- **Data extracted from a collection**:
^^^^^^^^^^^^^^^^
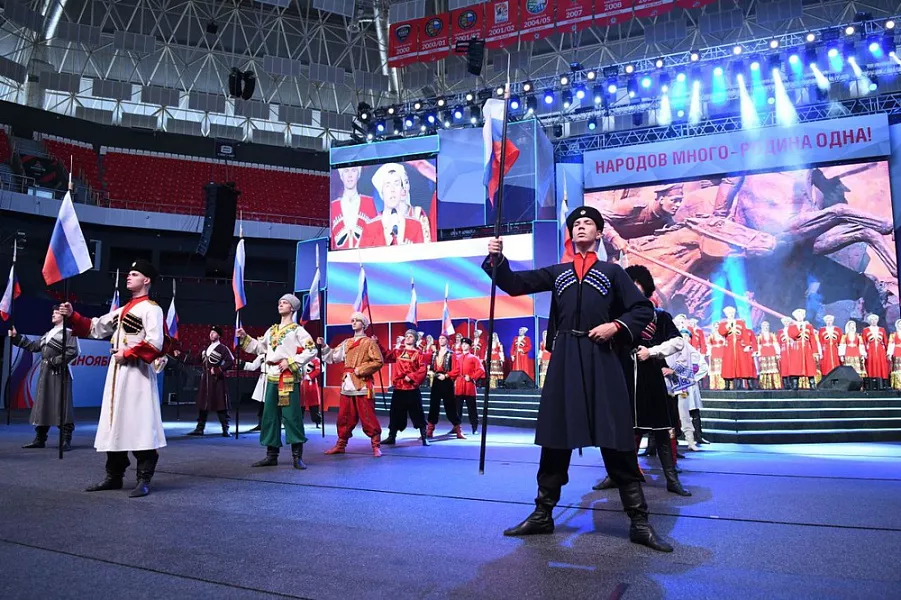 Перед началом мероприятия гостей встречали представители различных национальностей, проживающих в Краснодарском крае. На концерте выступили артисты Кубанского казачьего хора, филармонии им. Г.Ф. Пономаренко, ансамбли «Кубанская казачья вольница», «Анданте» и «Гильце», творческие коллективы со всего региона.
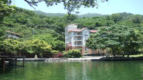 這片水池還可以划竹筏和釣魚,還蠻酷的
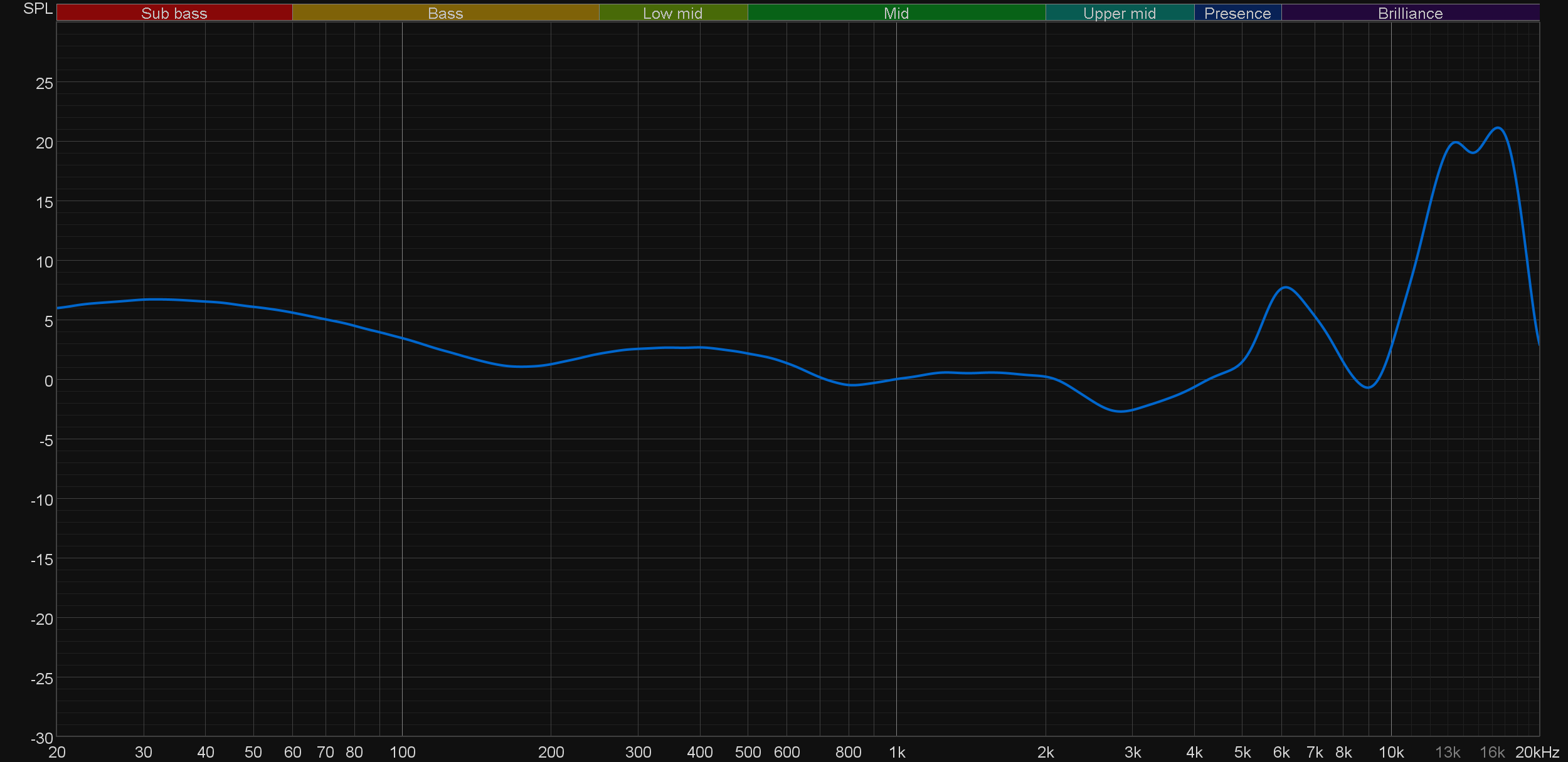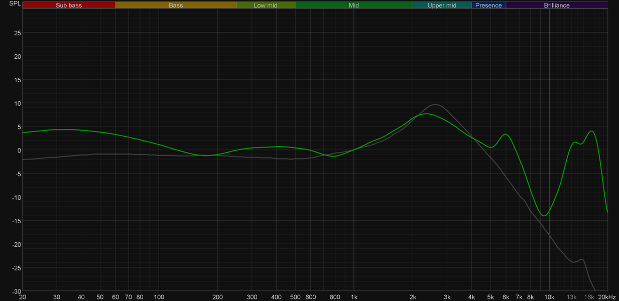 График выше показан на фоне кривой IDF (IEM diffuse field compensation), предоставленной производителем используемого стенда. Ее задача — помочь скомпенсировать резонансные явления в имитированном слуховом канале и особенности оборудования, создав «звуковой профиль», максимально корректно иллюстрирующий то, как звучание наушников воспринимается слушателем. Ее можно рассматривать как адаптированный под конкретное устройство аналог так называемой «кривой Хармана», созданной командой Harman International под руководством доктора Шона Олива. Скомпенсируем полученный график АЧХ в соответствии с кривой IDF.
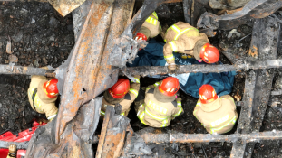 경기도 화성시 서신면 리튬전지 공자 화재 현장에서 소방대원들이 시신을 수습하고 있다. 2024.6.25 경인일보 최은성
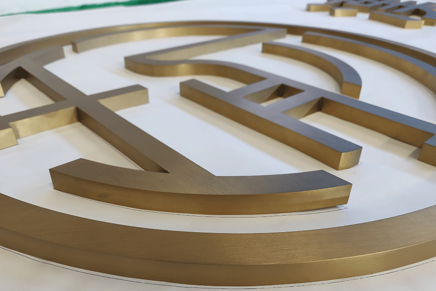 3,板材制作时需求用到铝塑边条扣住面板和围边联接才行,一般铝塑边条比较简略老化,时刻一长就简略褪色变形,不好掌握。型材就相对好些,它不需用铝塑边条,材料形状就有直角扣边,可以直接扣住面板来做,用这种材料做出来的金属字效果不错,不过在折弯需求开口的当地要处理好,开口大了需求添加补料。
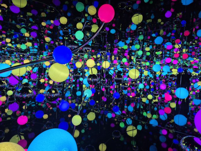 草間の代名詞である水玉模様は、自己と宇宙のつながり、そして無限の反復を象徴する。彼女の代表作「インフィニティ・ミラー・ルーム」では、光と鏡が織りなす幻想的な空間に包まれ、永遠を感じさせる体験をした。
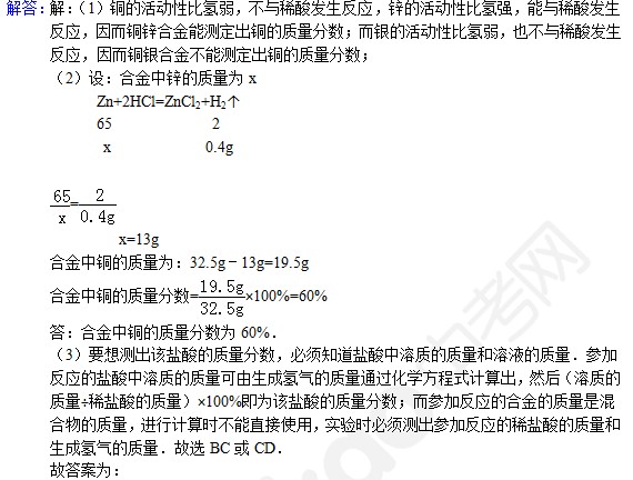 中考化学天天练试题及答案:计算题专练(11月5日)(2)
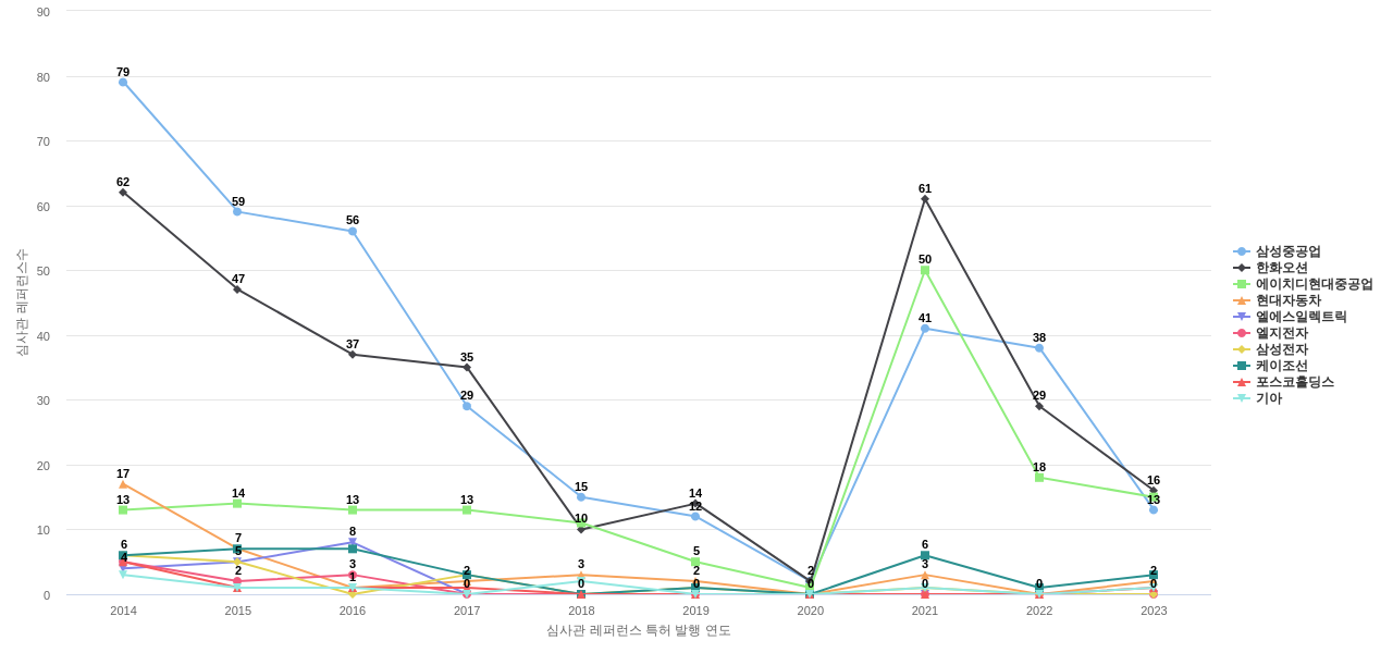 한화오션의 심사관 피인용수는 663회입니다. 한화오션의 심사관 피인용수는 11년 이전부터 발생하기 시작하여 2015년에 89회의 최고값을 보입니다. 그리고, 이 값은 이번 연도인 2024년에는 43회, 1년 전인 2023년에는 83회, 2년 전인 2022년에는 81회를 보입니다.
^^^^^^^^^^^^^^^^
- **Exercise brief**: Repeat the records verbatim, excluding pictures.

- **Exercise output**:
 Перед началом мероприятия гостей встречали представители различных национальностей, проживающих в Краснодарском крае. На концерте выступили артисты Кубанского казачьего хора, филармонии им. Г.Ф. Пономаренко, ансамбли «Кубанская казачья вольница», «Анданте» и «Гильце», творческие коллективы со всего региона.
 這片水池還可以划竹筏和釣魚,還蠻酷的
 График выше показан на фоне кривой IDF (IEM diffuse field compensation), предоставленной производителем используемого стенда. Ее задача — помочь скомпенсировать резонансные явления в имитированном слуховом канале и особенности оборудования, создав «звуковой профиль», максимально корректно иллюстрирующий то, как звучание наушников воспринимается слушателем. Ее можно рассматривать как адаптированный под конкретное устройство аналог так называемой «кривой Хармана», созданной командой Harman International под руководством доктора Шона Олива. Скомпенсируем полученный график АЧХ в соответствии с кривой IDF.
 경기도 화성시 서신면 리튬전지 공자 화재 현장에서 소방대원들이 시신을 수습하고 있다. 2024.6.25 경인일보 최은성
 3,板材制作时需求用到铝塑边条扣住面板和围边联接才行,一般铝塑边条比较简略老化,时刻一长就简略褪色变形,不好掌握。型材就相对好些,它不需用铝塑边条,材料形状就有直角扣边,可以直接扣住面板来做,用这种材料做出来的金属字效果不错,不过在折弯需求开口的当地要处理好,开口大了需求添加补料。
 草間の代名詞である水玉模様は、自己と宇宙のつながり、そして無限の反復を象徴する。彼女の代表作「インフィニティ・ミラー・ルーム」では、光と鏡が織りなす幻想的な空間に包まれ、永遠を感じさせる体験をした。
 中考化学天天练试题及答案:计算题专练(11月5日)(2)
 한화오션의 심사관 피인용수는 663회입니다. 한화오션의 심사관 피인용수는 11년 이전부터 발생하기 시작하여 2015년에 89회의 최고값을 보입니다. 그리고, 이 값은 이번 연도인 2024년에는 43회, 1년 전인 2023년에는 83회, 2년 전인 2022년에는 81회를 보입니다.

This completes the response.